# Daten aus zwei MYSQL Tabellen vergleichen und löschen



## Ruebezahl (6. Dezember 2010)

Hallo Forum User,
ich habe gesehen das hier Leuten mit Problemen geholfen wird, daher habe ich mich in der Hoffnung angemeldet das Ihr mir behilflich sein könnt.

Ich möchte gerne 2 MSQL Tabellen miteinander vergleichen und überflüssige Daten löschen. Das rührt daher das mein "löschen-script" nicht richtig geschrieben war und mir zwar Einträge gelöscht hat, aber nicht die dazugehörigen Bilder vom Server und den Einträgen aus der Datenbank (eintrag_pics).

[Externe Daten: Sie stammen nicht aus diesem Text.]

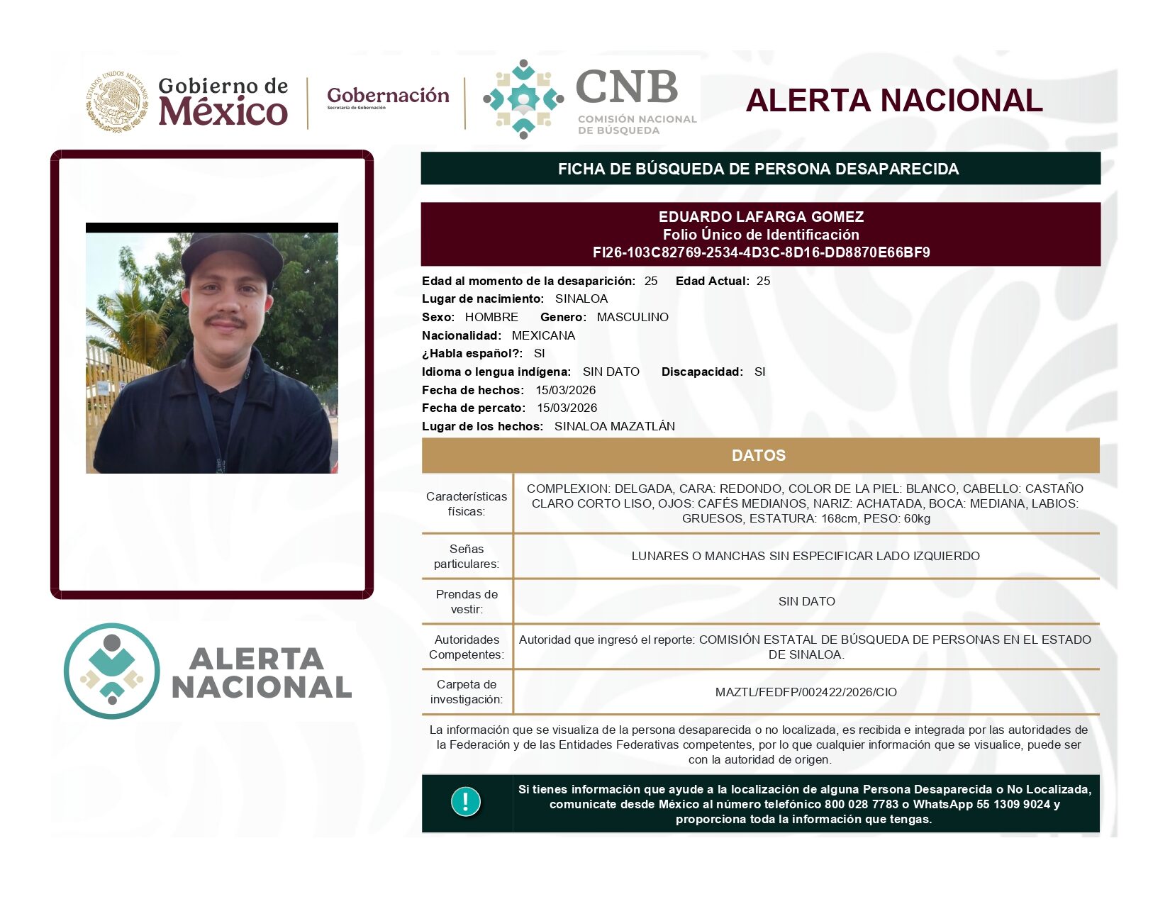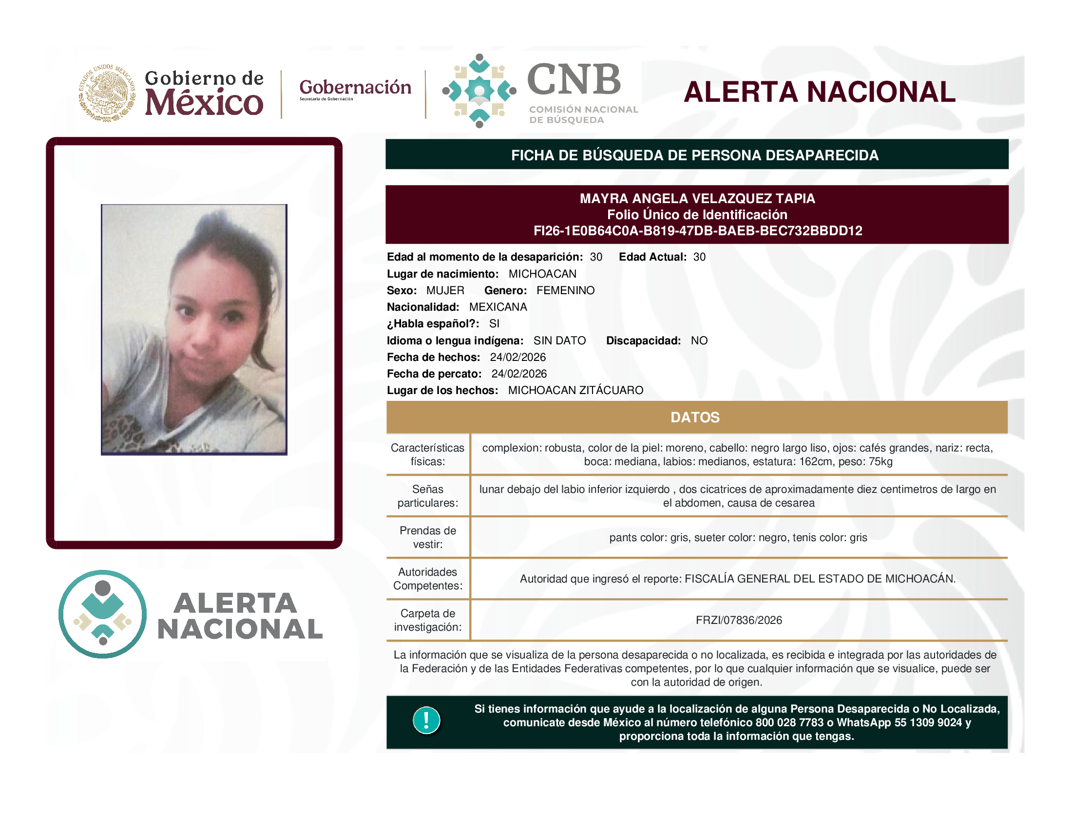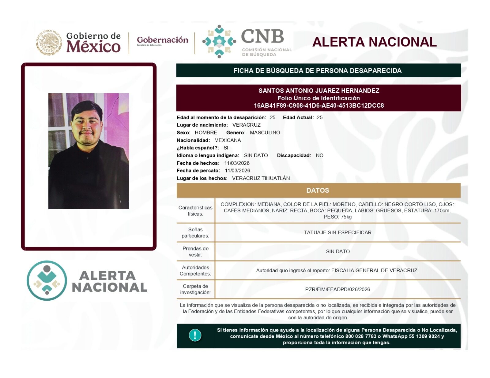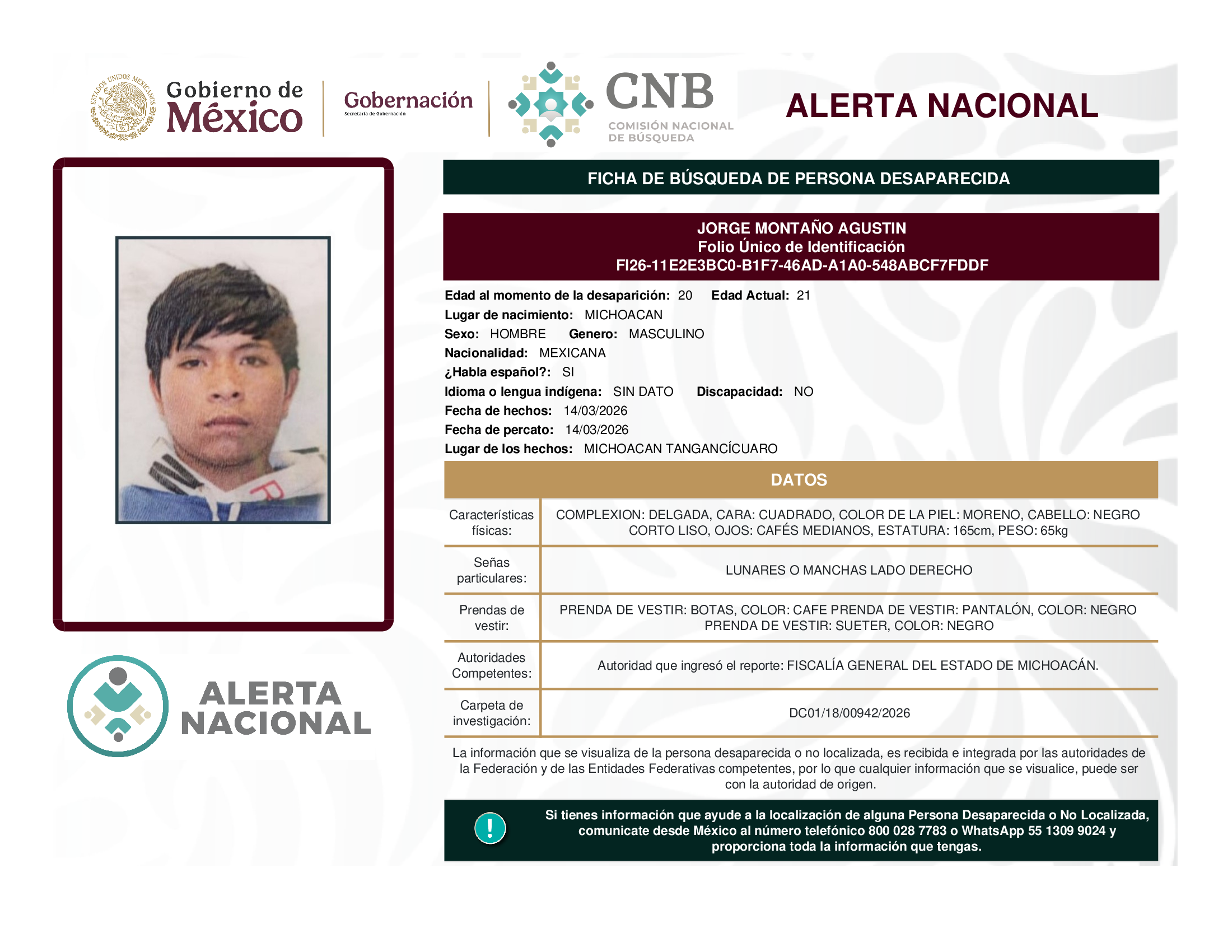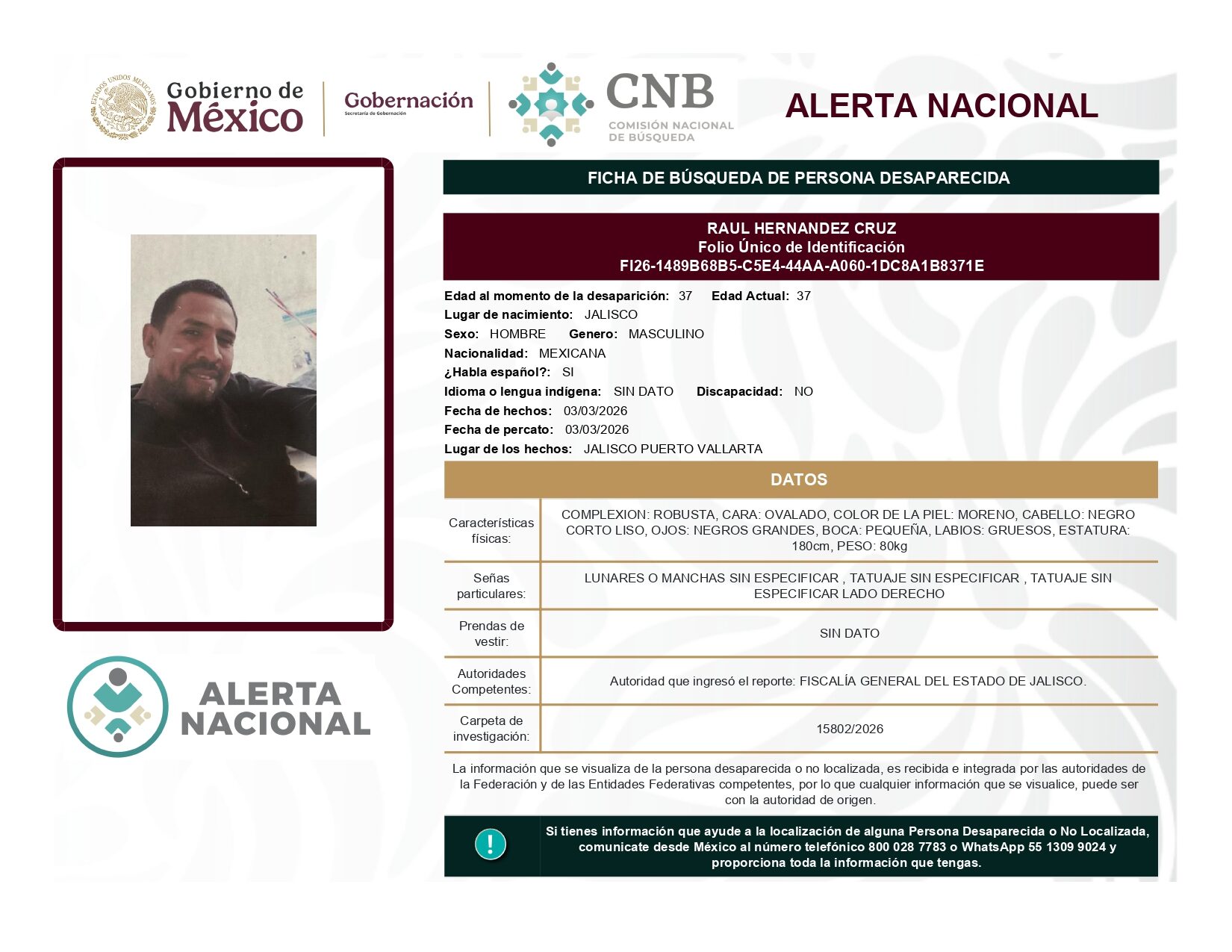 ALERTA NACIONAL DE BÚSQUEDA, LOCALIZACIÓN E IDENTIFICACIÓN DE PERSONAS DESAPARECIDAS Y NO LOCALIZADAS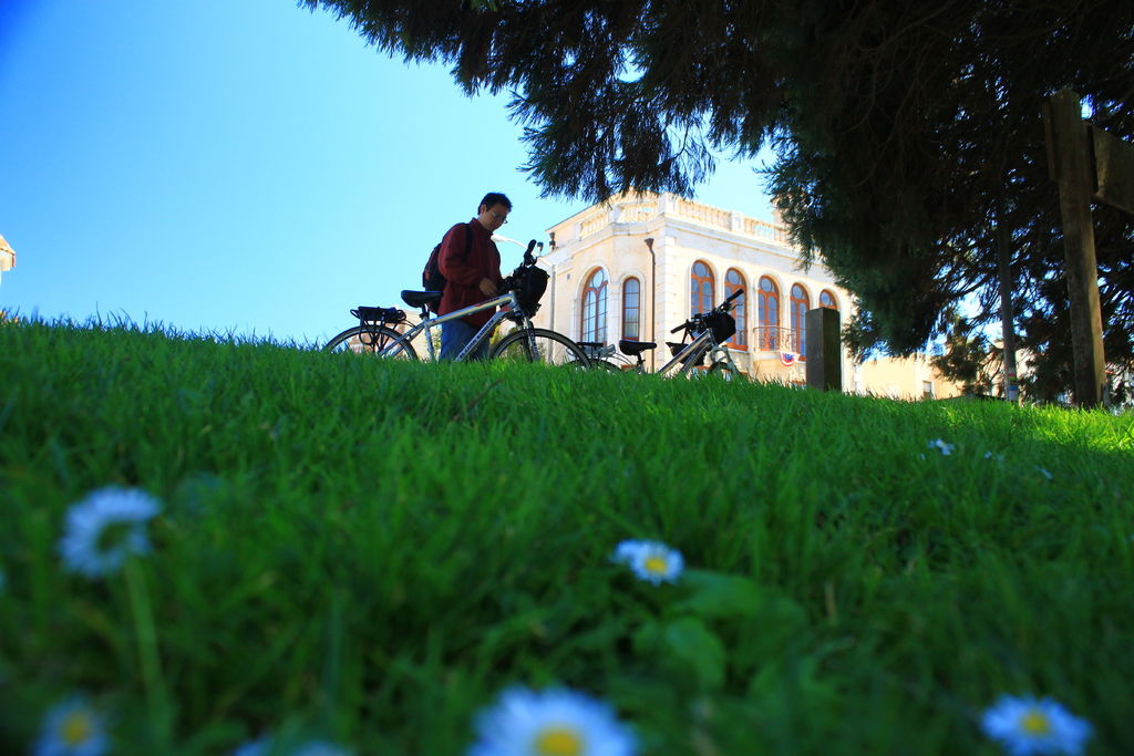 從Blazzing Saddles騎過來不是一件容易的事,因為剛上路就遇到令人折壽的一個大斜坡!! 我根本是佛心來的,因為怕拖累我男人、堅持跟他一直騎一台,在這個斜坡我看到另一組情侶騎協力車、打算衝刺上去,大概只上去了10公分就不行了,不死心又試了幾次、才兩個人都認命的下來推車,有夠淒涼;當時那個男生已經被罵到臭頭了。如果要長征去Sausalito,非常不建議騎協力車,自己騎一台還可以慢慢的掙扎上去。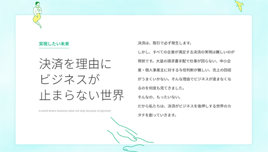 2021年には企業間決済サービスとして累計導入企業数シェアNo.1*を獲得しました。2022年にはサービス開始から10周年を迎え、「Paidらしさ」とは何か?を改めて追及し、コンセプトをまとめたブランドページを公開。「Paid」が実現したい未来は、「決済を理由にビジネスが止まらない世界」と定めました。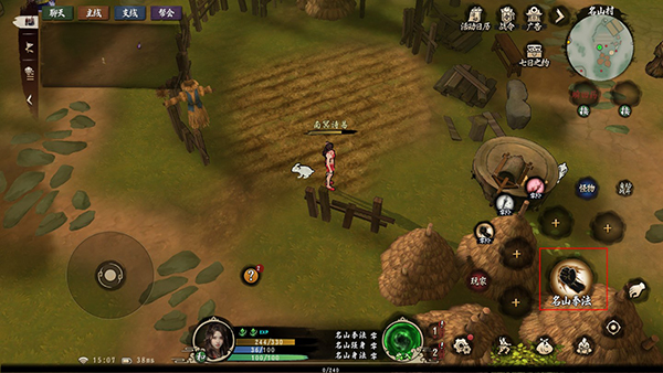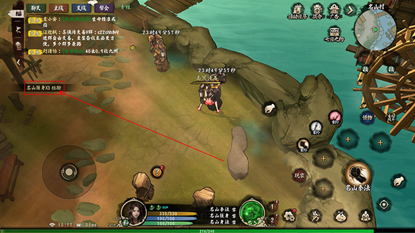 2、装备包裹里的斧子(使用名山双兵),直接跑到名山村内最下面的一个小黑屋(练功房)选择2小时免费的木桩,然后开始砍那个木桩(预计15-20分钟满级) (也可跳过练功房直接开始用名山双兵正常接主页面左侧任务进行开局)(主支线均可)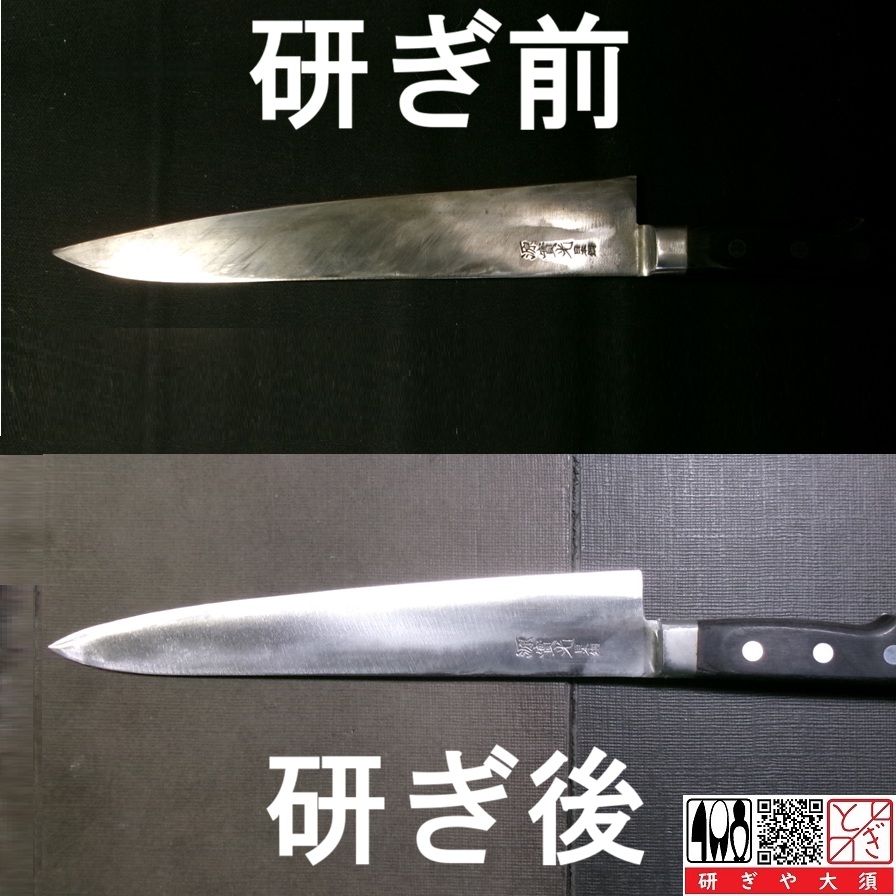 HOME > 研ぎ:包丁 調理用具 > 研ぎ:包丁 調理用具 筋引き牛刀 2026年2月16日 筋引き牛刀 肉を取り扱うお店からやって来ました。 痩せていて、牛刀なのか筋引きなのかわからなくなっていますが、片刃になっているのを大事に使っているので、筋引きとして使っているのでしょう。 研ぎ料金は、2,900円(3.5等級)。 Twitter Share Pocket Hatena LINE コピーする -研ぎ:包丁 調理用具

Ja und jetzt hat sich halt über die Jahre Datenmüll angesammet den ich gerne loswerden möchte!

Zu meinen Tabellen:

Diese wurden als "eintrag" & "eintrag_pics" benannt. Die laufende ID wurde als "ADID" bezeichnet und ist in beiden Tabellen vorhanden. Nun wäre es klasse wenn MYSQL die Datensäte aus der "eintrag_pics" mit der "eintrag" Tabelle vergleichen würde und die ADID die es nur noch in der "eintrag_pics" gibt ausgibt, damit man daraus dann die Bilder sowie den Tabelleneintrag löschen könnte.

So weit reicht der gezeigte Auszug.